Skerritt-Davis Benjamin, Elhilali Mounya
Johns Hopkins University, 3400 N Charles St, Baltimore, MD, USA.
Johns Hopkins University, 3400 N Charles St, Baltimore, MD, USA.
J Neurosci Methods. 2021 Aug 1;360:109177. doi: 10.1016/j.jneumeth.2021.109177. Epub 2021 Apr 9.
The brain tracks sound sources as they evolve in time, collecting contextual information to predict future sensory inputs. Previous work in predictive coding typically focuses on the perception of predictable stimuli, leaving the implementation of these same neural processes in more complex, real-world environments containing randomness and uncertainty up for debate.
To facilitate investigation into the perception of less tightly-controlled listening scenarios, we present a computational model as a tool to ask targeted questions about the underlying predictive processes that connect complex sensory inputs to listener behavior and neural responses. In the modeling framework, observed sound features (e.g. pitch) are tracked sequentially using Bayesian inference. Sufficient statistics are inferred from past observations at multiple time scales and used to make predictions about future observation while tracking the statistical structure of the sensory input.

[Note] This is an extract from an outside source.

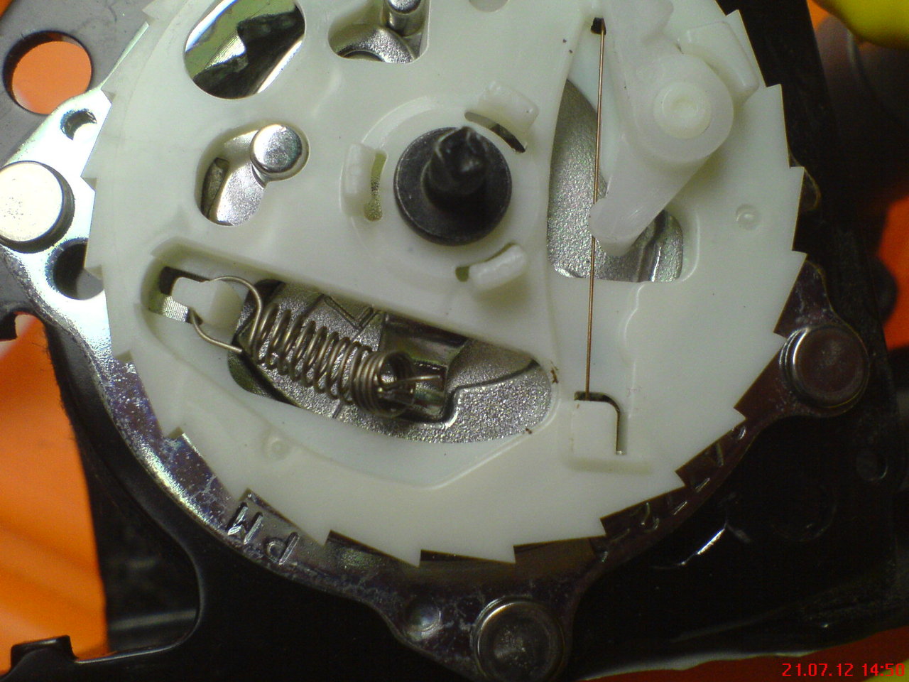 Третий механизм - пимпочка, двигаемая кружочком с вырезами (на первой фотке он между катушкой и пассатижами), возвращаемая назад упругой проволочкой (видна на первой и второй фотке, прямая такая) и упирающаяся в другой зубчатый венец (внутренний, виден на первой фотке на промежуточной крышке - в ней, кстати, и находится шарик). Для чего это надо, так и не понял. Проволочку эту важно не пролюбить! Лучше сразу снять утконосами и положить в надежное яркое чистое место.

Facets of the model are discussed in terms of their application to perceptual research, and examples taken from real-world audio demonstrate the model's flexibility to capture a variety of statistical structures along various perceptual dimensions.

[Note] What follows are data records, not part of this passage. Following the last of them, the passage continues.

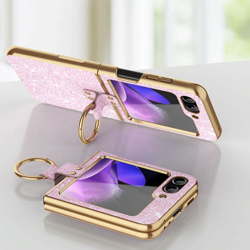 For Samsung Galaxy Z Flip5 Plating Gradient Color Glitter Phone Case With Ring Holder(Pink)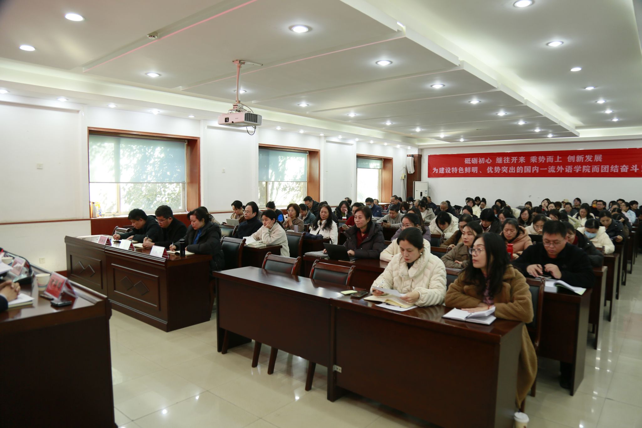 凝心聚力、真抓实干,各项事业实现跨越式发展:学科与专业排名稳步提升,英语、翻译专业跻身全省前列;师资队伍建设成果显著,教师在国家级、省级教学竞赛中屡获佳绩;课程建设实现突破,成功获批省优质国际化课程,填补相关领域空白;科研创新能级大幅提升,年度获批国家社科基金项目数量创历史新高,其中中华学术外译项目实现学校该类项目零的突破,著作出版、论文发表及科研经费均创新高;人才培养质量持续提升,本科生升学率位居全校文科足球现场成绩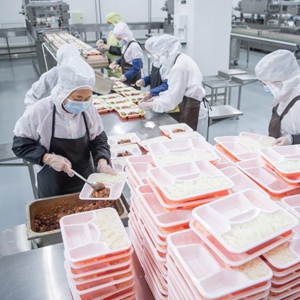位于武漢的武東餐飲基地承擔著中國鐵路武漢局集團公司管內動車組列車盒飯的制作工作。這家餐飲基地擁有現代化的動車盒飯生產線,最高可日產盒飯2萬份。

Previous models are often targeted toward interpreting a particular experimental paradigm (e.g., oddball paradigm), perceptual dimension (e.g., pitch processing), or task (e.g., speech segregation), thus limiting their ability to generalize to other domains. The presented model is designed as a flexible and practical tool for broad application.

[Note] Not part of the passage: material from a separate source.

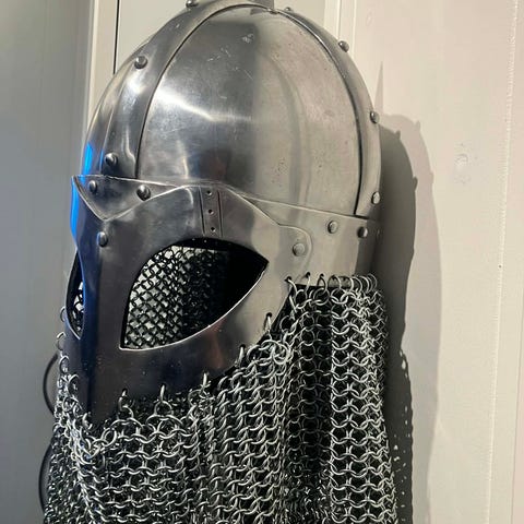 Blank metall og skinnreim inni hjelmen til å stramme og feste hjelm.

The model is presented as a general framework for generating new hypotheses and guiding investigation into the neural processes underlying predictive coding of complex scenes.
大脑会随着声源随时间的变化而追踪它们,收集上下文信息以预测未来的感官输入。先前关于预测编码的研究通常集中在可预测刺激的感知上,而在包含随机性和不确定性的更复杂的现实世界环境中,这些相同神经过程的实现仍存在争议。
为便于研究对控制较宽松的聆听场景的感知,我们提出一种计算模型,作为一种工具来提出有关将复杂感官输入与听众行为和神经反应联系起来的潜在预测过程的针对性问题。在建模框架中,使用贝叶斯推理顺序跟踪观察到的声音特征(例如音高)。从多个时间尺度上的过去观察中推断出充分统计量,并用于对未来观察进行预测,同时跟踪感官输入的统计结构。
从该模型在感知研究中的应用角度讨论了其各个方面,并且从现实世界音频中选取的示例展示了该模型在各种感知维度上捕获各种统计结构的灵活性。
先前的模型通常旨在解释特定的实验范式(例如,奇偶数范式)、感知维度(例如,音高处理)或任务(例如,语音分离),因此限制了它们推广到其他领域的能力。所提出的模型被设计为一种具有广泛应用的灵活实用工具。
该模型作为一个通用框架被提出,用于生成新的假设并指导对复杂场景预测编码背后的神经过程的研究。